Author:
Zach Groff
Published on
January 22, 2016

Will You Fight with Him?




After a daring flight and a triumphant rescue, three reasons why stories of escape and refuge are key to our movement.

by Zach Groff

After a daring escape and a wave of protests live and online, a cow named Freddie escaped death this morning for permanent refuge at Skylands Animal Sanctuary. Freddie, as reported in the New York Times yesterday, ran out of the Jamaica Archer Live Poultry and Meat Market before being cornered by the police and led by rope into the back of a truck for the slaughterhouse. Freddie had already been “purchased” and the “owners” wanted him killed to eat. Mike Stura of Skylands Animal Sanctuary was determined to see Freddie live. He parked his trailer outside and waited all night, demanding that Freddie be freed. Under the media spotlight and in the face of public outcry, Freddie got free early this morning.
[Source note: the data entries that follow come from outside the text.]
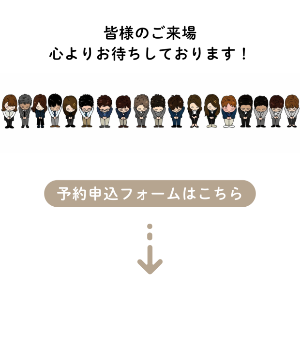 ※ご予約無しでもご来店頂けますが、担当者が不在の場合がございますので、予めご了承ください。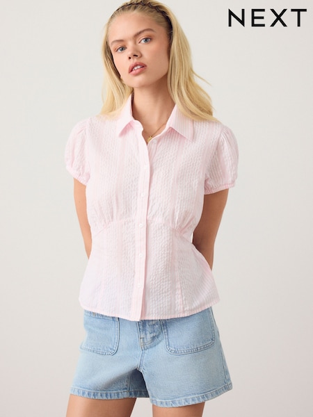 Pink/White Stripe Short Sleeve Button Front Top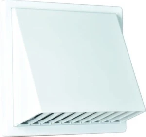 Kratka wentylacyjna z okapem przeznaczona na zewnętrzną elewację budynków. Posiada zawór chroniący przed ciągiem zwrotnym, a także siatkę zabezpieczającą przed ptakami czy zanieszczyczeniami. Kształt powoduje zatrzymanie wody przed wpadaniem do kanału.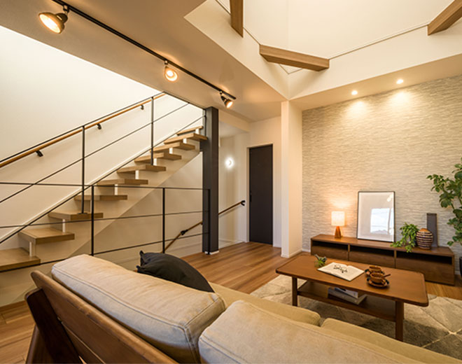リビングには開放感あふれるストリップ階段と吹き抜けを採用。ダウンライトの柔らかな光とアクセントウォールが、温かみのあるくつろぎの空間を演出します。

On one level, the story is not all that remarkable. Another individual likely took Freddie’s fate of being killed for a human family to eat. But there are a few reasons why we need to showcase and spread stories like these.

First, the story makes a basic fact undeniable: animals want to live, and they are crying out and fighting for that right with everything they’ve got. Freddie did not run at random – he ran because he knew he was going to die. Cows and pigs frequently escape from slaughterhouses and slaughterhouse trucks. When I visited the turkey farm DxE recently investigated as workers were loading turkeys into a slaughterhouse truck, I could hear loud and clear the piercing screams of turkeys who wanted to live.
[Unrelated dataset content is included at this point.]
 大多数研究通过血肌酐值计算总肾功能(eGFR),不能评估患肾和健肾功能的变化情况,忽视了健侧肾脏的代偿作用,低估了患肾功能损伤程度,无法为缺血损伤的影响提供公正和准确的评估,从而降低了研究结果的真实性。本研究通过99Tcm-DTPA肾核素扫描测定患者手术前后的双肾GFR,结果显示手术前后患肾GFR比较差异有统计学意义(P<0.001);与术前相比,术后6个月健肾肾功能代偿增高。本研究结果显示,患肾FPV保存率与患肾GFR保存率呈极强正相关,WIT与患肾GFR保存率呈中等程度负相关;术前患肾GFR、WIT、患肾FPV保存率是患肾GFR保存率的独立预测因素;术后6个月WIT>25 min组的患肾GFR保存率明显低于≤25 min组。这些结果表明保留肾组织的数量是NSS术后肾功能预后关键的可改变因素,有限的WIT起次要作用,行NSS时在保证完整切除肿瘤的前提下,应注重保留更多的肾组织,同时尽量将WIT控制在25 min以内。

Second, the story shows us that animals are agents in the fight for their freedom, not just passive recipients of human benevolence. Animal rights often receives criticism from other movements because, unlike other activists, animal rights activists are not fighting for themselves. What Freddie made clear yesterday was that humans are not the only animal rights activists. We are not fighting for them – we are fighting with them. Those who would hurt Freddie are not fighting against us – they are fighting against him and others like him. We need to build a world where the voices and actions of animals like Freddie have as much say in our society as do humans’.
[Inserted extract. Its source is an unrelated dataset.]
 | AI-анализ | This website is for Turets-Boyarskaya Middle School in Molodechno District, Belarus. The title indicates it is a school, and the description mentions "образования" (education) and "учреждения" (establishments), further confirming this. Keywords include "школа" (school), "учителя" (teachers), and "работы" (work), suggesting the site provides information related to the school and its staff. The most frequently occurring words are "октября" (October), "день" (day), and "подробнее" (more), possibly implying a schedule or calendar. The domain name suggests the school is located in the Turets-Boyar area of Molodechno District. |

Third, the story teaches us the power of sanctuary and individual animals to change history. Freddie’s story received major international news coverage and captured public attention by drawing attention to an individual’s plight against a violent system. Sanctuaries peacefully dramatize the absurdity of the notion that police would chase down an animal like Freddie so that he could be killed for doing no wrong.

The question is not: will you fight for him? The question is: will you fight with him?